James Manzello and I busked at Grand Army Plaza, right at the entrance of Prospect Park. It was so freeing. I played my keytar and he played drums. With James, I can be my weirdest, spontaneous self at the keys. Or anywhere, really.
We had a lot of people gathering around us to listen at certain points. One woman thanked us for saving her "from the brink", with an improvised song about embracing uncertainty. A construction man stopped to dance in place, jutting his arms out to the music like he was pumping some invisible force of appreciation our way. James even gave a boy a "drum lesson" (he was probably 7 or 8), while I jammed with them both. That kid had an experience he'll probably never forget. He was really good at rhythm! Two men raved about our music in Spanish, and the way they were singing and bursting with joy, told us that we moved them to a great degree. What an amazing experience, especially since AOFine has been on a hiatus for a good while now.

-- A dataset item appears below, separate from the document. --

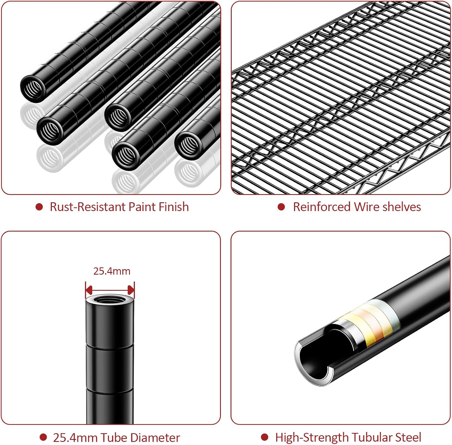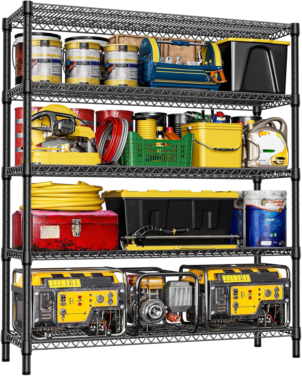 IZEUK 5-Tier Adjustable Heavy Duty Metal Storage Shelving Unit, Wide Utility Rack Organizer for Garage, Basement, Kitchen, Office, Warehouse (Black, 17.7" D x 59.1" W x 70.9" H)

It's important for me to have multiple music projects, as it keeps me lose, free-flowing and inspired.
The next Hiccups single I'm releasing will actually be "Pop, the Dress!", which is essentially Liza expressing her excitement for all the dresses she will be able to create out of thin air, now that she's moved into a new place with Shiloh. Simultaneously, Shiloh is thrilled to have a studio with more space and promise, that will give him the ability to let his music soar. Little do they know that the invisible foe of Shiloh's OCD, the ego-dystonic ghost within, will do everything it can to tear them down and spoil their dreams.
Speaking of other projects, I will also be releasing a song called "Sunny with a Chance of Bubbles" with my children's music business, Sunny Songsters, that coincidently, also ends with Trista Olivas singing "POP!". This was not my intention in the least. Two literal pop songs! I thought, in retrospect, this could be a good marketing tactic. "Slanted" will be next!

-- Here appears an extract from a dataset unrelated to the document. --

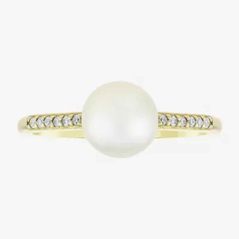 Limited Quantities! Womens Diamond Accent 7MM White Cultured Freshwater Pearl 10K Gold Side Stone Cocktail Ring

Since it is a late, I'm exhausted, and my single release solo show at Spit&Vigor's Tiny Baby Blackbox Theater in Brooklyn is quickly approaching, I will end this post with a quick little piece of positivity. This goes out to anyone who has faced severe chronic anxiety, especially when it comes to relationships, but obviously these words are aimed at the general population of intense, spiraling worriers:
ROCD is a terrible affliction, but if you face it, day by day, little by little, with intentional, healthy, exposure response prevention techniques, you can actually develop a kind of super power against adversity. Your skin will know how to thicken when facing uncomfortable uncertainty in a way that the so-called "normal", neurotypical folk aren't forced to learn how to do. Keep that in the back of your hiccuping mind.
Stay safe out there and remember you are NOT ALONE.